Deployments and Child Deaths
Rates of military child deaths linked to abuse and neglect have more than doubled since 2003 and outpace national civilian averages for the first time, according to a Military Times investigation.
The investigation, which was based on the publication's review of electronic records and U.S. Defense Department's Family Advocacy Program reports, found that deaths of military- dependent children related to abuse and neglect have risen steadily from 14 in 2003 to 29 in 2010, peaking in 2008 with 36 child deaths.
According to the publication, in many cases, there were warning signs that the family was struggling. About one in five deaths in the past decade involved a child or family that was previously reported to the military's family advocacy system for either child or domestic abuse. Head trauma from shaken baby syndrome was a common cause of death for young children.
Outside experts say a rise in child abuse fatality rates would not come as a surprise, noting that increased family stress has been linked to the frequent war deployments of the past decade. Previously, rates of military child deaths tied to abuse and neglect were far lower than the civilian population.
"That shifted once large-scale deployments started," said researcher Deborah Gibbs, who has studied child abuse in the military. "These are large and meaningful differences that are very clearly tied to specific events of the large-scale deployments."

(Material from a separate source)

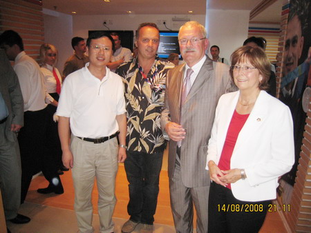 8月14日,公司总裁高彦臣、国际贸易部部长魏学亮应斯洛伐克奥运委员会和大陆玛塔道尔公司邀请,在北京斯洛伐克奥运之家拜会了来华出席奥运会开幕式的斯洛伐克总统伊万加什帕罗维奇及夫人、大陆玛塔道尔公司领导罗西纳先生一行,并参加了“斯洛伐克运动员奥运会庆功晚宴”。 双方进行了亲切友好的交流。我公司与大陆玛塔道尔公司在长期的合作过程中,真诚相待,优势互补,不仅推动了合作产品的国际化,也进一步促进了中斯友好合作关系。

The active-duty military community has about 1.4 million children, according to Tricare, the health care program serving active-duty service members, National Guard and Reserve members, retirees, families and survivors worldwide.
Experts say the military is a tightly-knit community that may be better at identifying troubled homes where children are in danger. However, the challenge is that military bases and communities can be isolated from local civilian childprotective agencies.